Vancouver is undoubtedly an expensive place to live, but there are still some affordable options.

Vancouver Neighbourhoods Map - Best Places to Live in Vancouver

Vancouver Magazine has ranked Vancouver’s best and worst neighbourhoods, based on several factors, and affordability was top of mind. Thus the Downtown Eastside (DTES), an area that has been called Canada’s poorest neighbourhood, scored 48.7, a higher rating than the pricy Westside areas of Kerrisdale (46) and Dunbar (44.3).

  1. False Creek

Score: 56.8

Population: 5,795

There should be little doubt that the communities that were built along False Creek in the last two decades, from Yaletown on the north side to the Olympic Village on the south shore, are resounding successes. But there should be even less doubt that they owe much of their existence to the community that came before them.
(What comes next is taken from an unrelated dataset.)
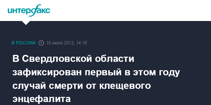 Екатеринбург. 10 июня. INTERFAX.RU - Первый летальный исход от укуса клеща зафиксирован в Свердловской области, сообщает пресс-служба регионального Роспотребнадзора в понедельник.

False Creek South, with its artful mixture of mixed-income residential, people-friendly retail and abundant green spaces, is the personification of what urban theorist Jane Jacobs thought an urban community should be. And yet, this ranking will come as a surprise to some people, given that False Creek South tends to sit in the shadows of the towers to its north and east. But it’s time to give False Creek South its rightful place in the sun.

Affordable: 66.9 | Low Crime: 62.7 | Economy: 66.0 | Diversity: 35.6 | Restaurants: 49.1 | Kids: 40.0 | Commute: 68.6 | Singles: 32.0 | Smart and Engaged: 66.4 | Green Space: 62.0 | Stable: 54.1

  1. West End

Score: 56.6

Population: 39,910

The West End absolutely crushes it when it comes to affordability, low levels of property crime, and access to green space, Stanley Park, but gets edged by False Creek due to the fact that it’s an awfully difficult place to raise kids and one where there’s a lot of turnover. For singles and the childless, though, it might be a better bet than our overall winner.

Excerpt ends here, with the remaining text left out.